Levité E M, Postoiuk N I
Anesteziol Reanimatol. 1991 Jan-Feb(1):55-7.
The improvement of combined anesthesia is associated with the improvement of its control. The latter is possible only with continuous administration of anesthetics. 130 procedures of combined anesthesia were performed in patients subject to abdominal and other types of operations. With this in view fentanyl and calipsol were continuously injected, using modified dosators, to patients pretreated with N2O and total curarization. It has been found that with continuous administration adequate analgesia with stable blood pressure can be achieved provided that 1/3-2/3 of the total fentanyl dose is used as a loading dose at the beginning of anesthesia. The maintenance dose does not change considerably blood anesthetic concentration. If required, changes in the concentrations were achieved by additional fentanyl administration, using a dosator for 25-50 mukg. The technique described has advantages over bolus drug injection and continuous drug infusion. The technique may be considered a controlled one.

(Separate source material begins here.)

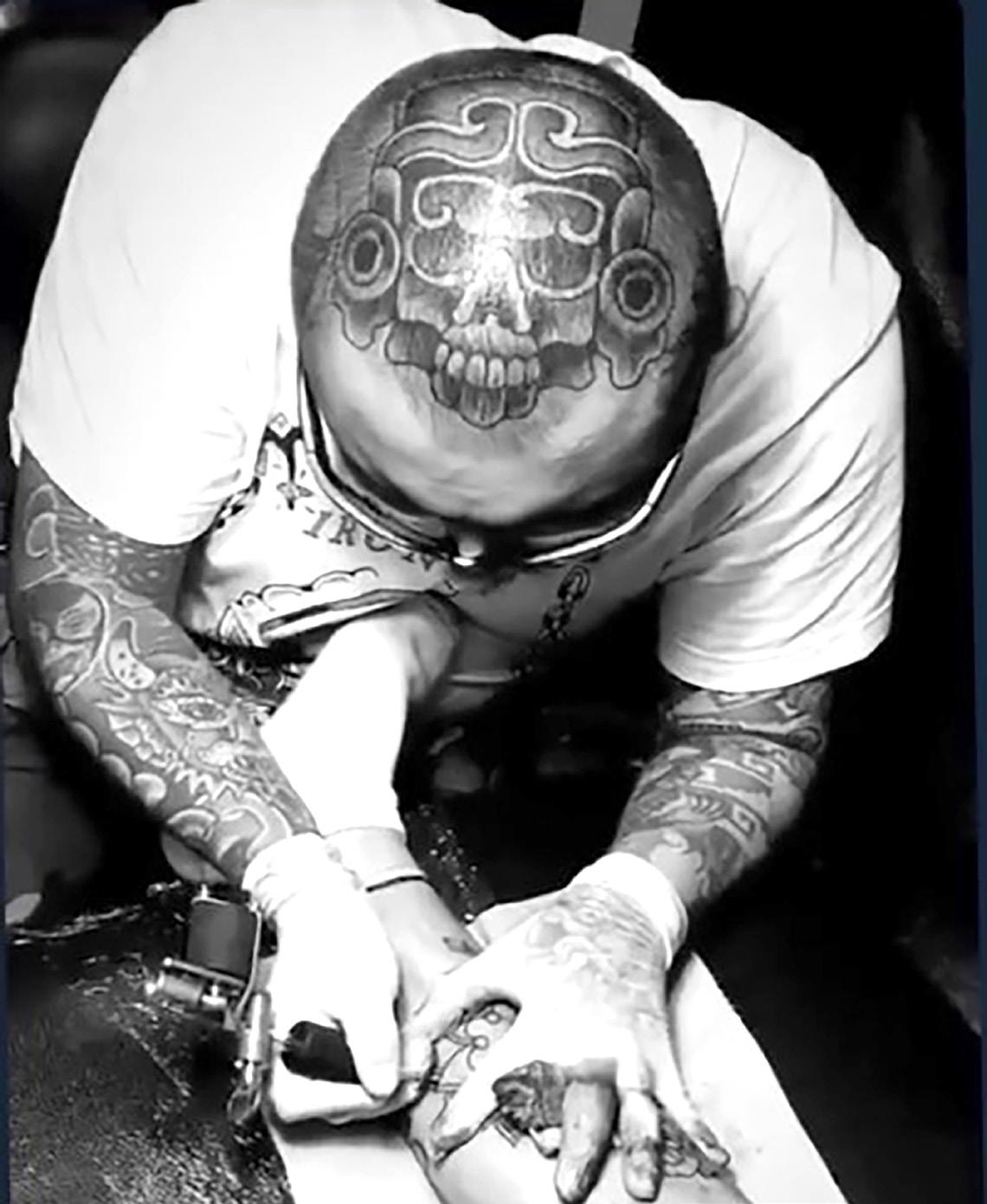 esténcil. Esta última técnica rompía con lo convencional. Con la llegada del internet y las primeras redes sociales, el Graffiti tuvo un boom de manera cibernética. Los escritores se comunicaban internacionalmente y de esta manera, logré conocer el trabajo de escritores de diferentes partes del país como: Oaxaca, Chiapas, Jalisco y Michoacán. En general, estos escritores usaban la cultura de su región para plasmarlo en su Graffiti. Con la posibilidad de viajar a otros estados, primero con el trabajo de mi papá y después, con mi banda Punk, fue lo que me permitió conectar con la cultura y las expresiones de Graffiti. Actualmente, llevo siete años como tatuador profesional, tres fueron de aprendizaje (nunca termina) y este aprendizaje, me llevó a comprender la responsabilidad, no solamente del tatuaje, sino del arte, porque yo asimilo el tatuaje como la versión de lo que es el Graffiti para mí.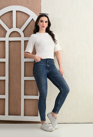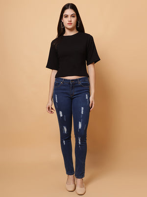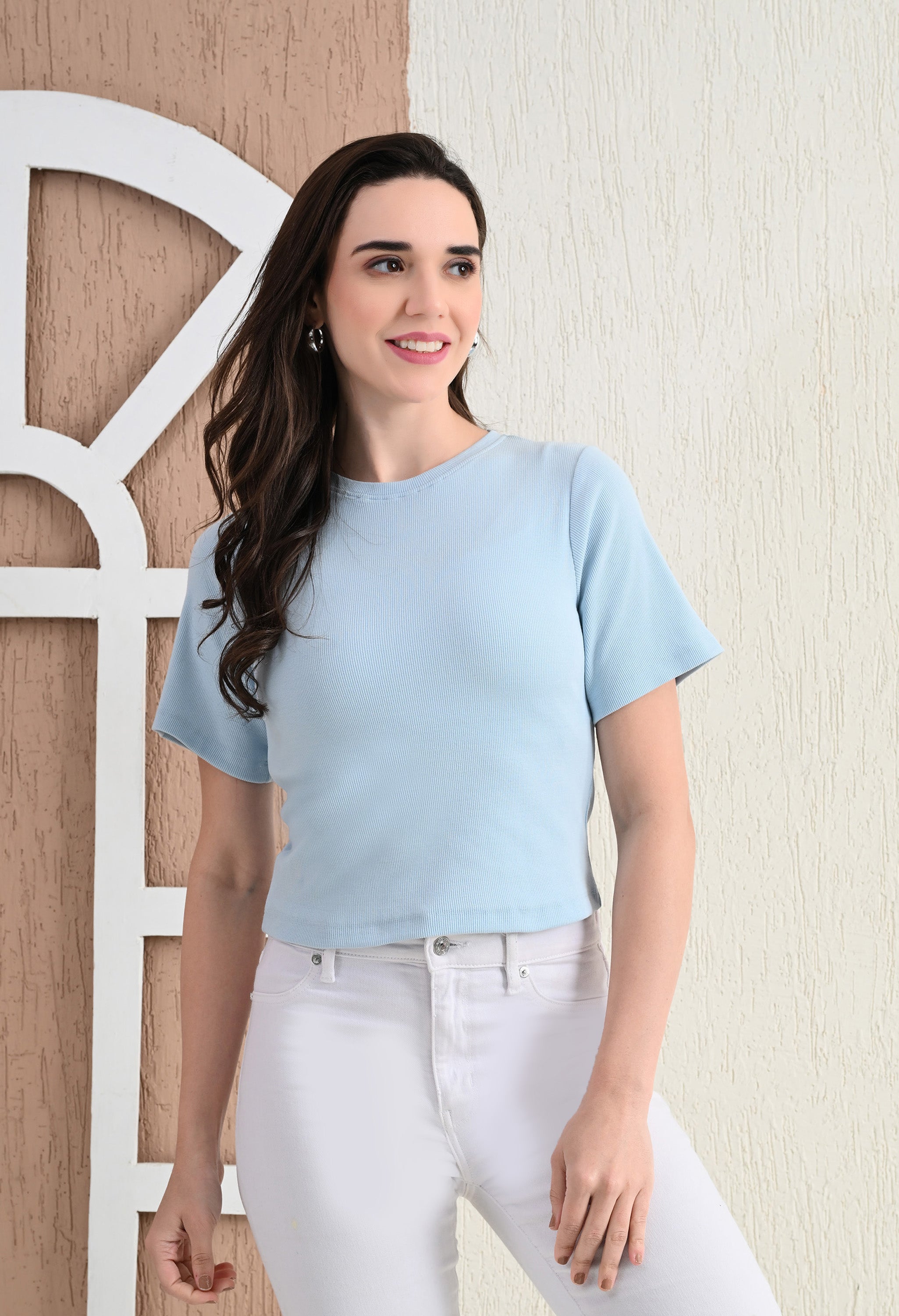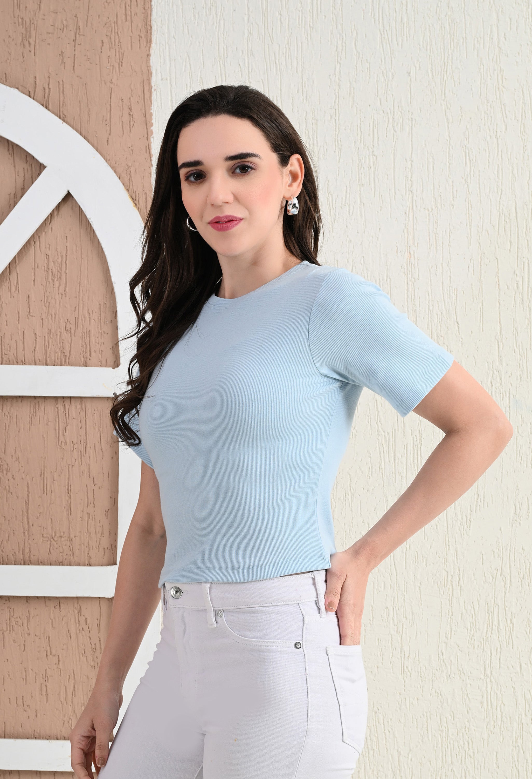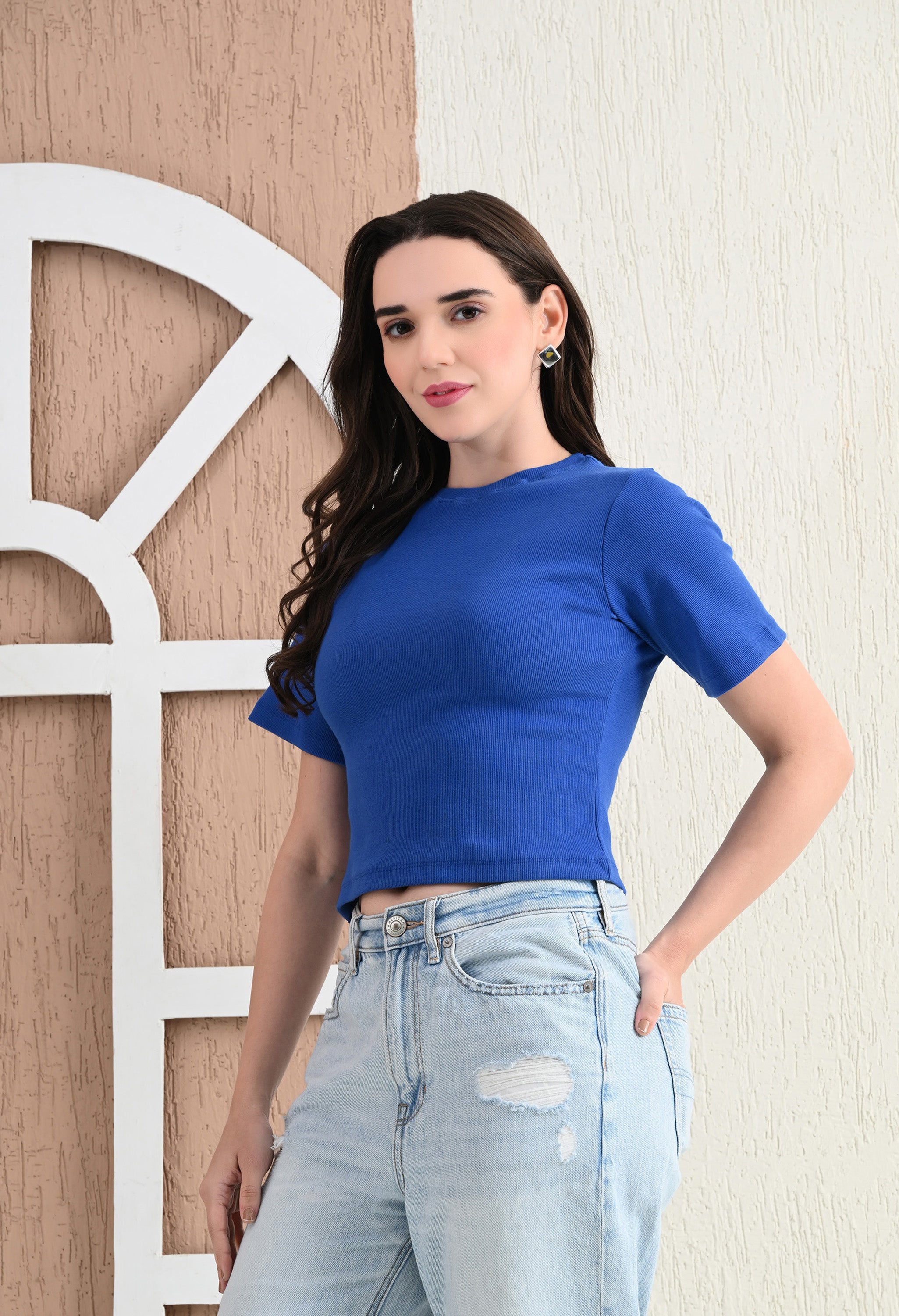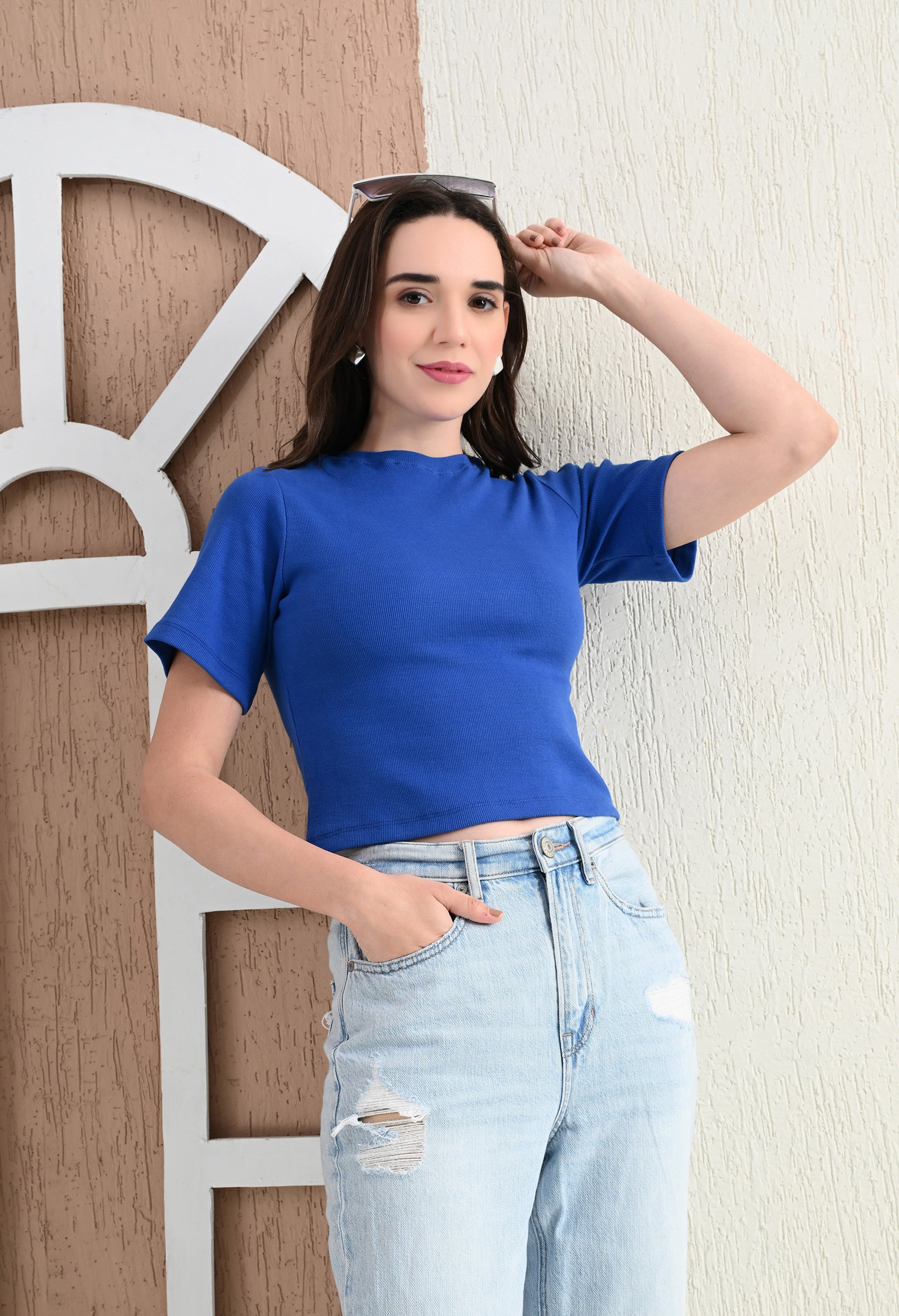 Design: Round-neck, half sleeves, cropped length

复合麻醉的改善与其控制的改善相关。后者只有通过持续给予麻醉剂才有可能实现。对接受腹部及其他类型手术的患者进行了130例复合麻醉手术。考虑到这一点,使用改良的剂量器,对预先用氧化亚氮和完全箭毒化处理的患者持续注射芬太尼和卡利普索。已经发现,在持续给药的情况下,只要在麻醉开始时将芬太尼总剂量的1/3 - 2/3用作负荷剂量,就可以实现充分的镇痛且血压稳定。维持剂量不会使血液麻醉浓度发生显著变化。如果需要,通过使用25 - 50微克的剂量器额外给予芬太尼来实现浓度的变化。所描述的技术优于大剂量推注药物和持续药物输注。该技术可被认为是一种可控技术。